I thought shedding too but the lawns around me don't have any of it. Pics to come in the morning to better help. 👍🏼


----------



## ken-n-nancy (Jul 25, 2017)

Lawndad said:


> j4c11 said:
> 
> 
> > Did the fraying appear after you sharpened the blades?
> ...


Something to watch for if you sharpen your lawn mower blade and the cut seems worse afterwards is that it's possible that the blade may have accidentally been re-installed upside down so that it cuts with the back (unsharpened) side of the blade. (Been there, done that...)


----------



## Lawndad (May 23, 2017)

ken-n-nancy said:


> Lawndad said:
> 
> 
> > j4c11 said:
> ...


The funny thing is that happened to me last week. I made a pass and it didn't look cut. I flipped it on its side and realized just that. That's what I get for rushing that day. 🙄


----------



## Lawndad (May 23, 2017)

Here are a few pics. You will see the frayed edges of the blades and I'll call them "lesions" and brown blades mixed in. 😐


----------



## Ridgerunner (May 16, 2017)

A couple of possibilities:
A blade can be too sharp. Razor sharp, especially if the cutting edge angle is changed by sharpening can cause the edge to bend over and present a blunt edge to the grass causing tearing rather than cutting. (simplest cure is purchasing a new blade)
Engine speed.
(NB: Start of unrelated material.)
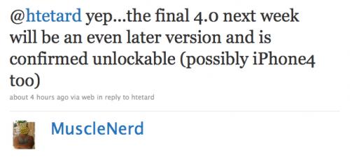 MuscleNerd twitteren megerősítette, hogy jövő héten kijön az iOS 4 verzió törése és függetlenítése, amely valószínűleg az új iPhone 4-es telefonon is működni fog.

An engine running at less than max RPM (3200-3600) can cause tearing, particularly on a thick lawn (btw-that is a beautiful thick lawn you have). My HRR214 has developed an annoying habit with the throttle slowly backing off of max during the course of a mow. Also moving the mower too quickly through the lawn can give the same effect as the mower engine running at less than max revs. 
Less likely: I've read that some nutrient levels can cause turf blade cell structural issues (making the blade tough?).


----------



## Lawndad (May 23, 2017)

Ridgerunner said:


> A couple of possibilities:
> A blade can be too sharp. Razor sharp, especially if the cutting edge angle is changed by sharpening can cause the edge to bend over and present a blunt edge to the grass causing tearing rather than cutting. (simplest cure is purchasing a new blade)
> Engine speed. An engine running at less than max RPM (3200-3600) can cause tearing, particularly on a thick lawn (btw-that is a beautiful thick lawn you have). My HRR214 has developed an annoying habit with the throttle slowly backing off of max during the course of a mow. Also moving the mower too quickly through the lawn can give the same effect as the mower engine running at less than max revs.
> Less likely: I've read that some nutrient levels can cause turf blade cell structural issues (making the blade tough?).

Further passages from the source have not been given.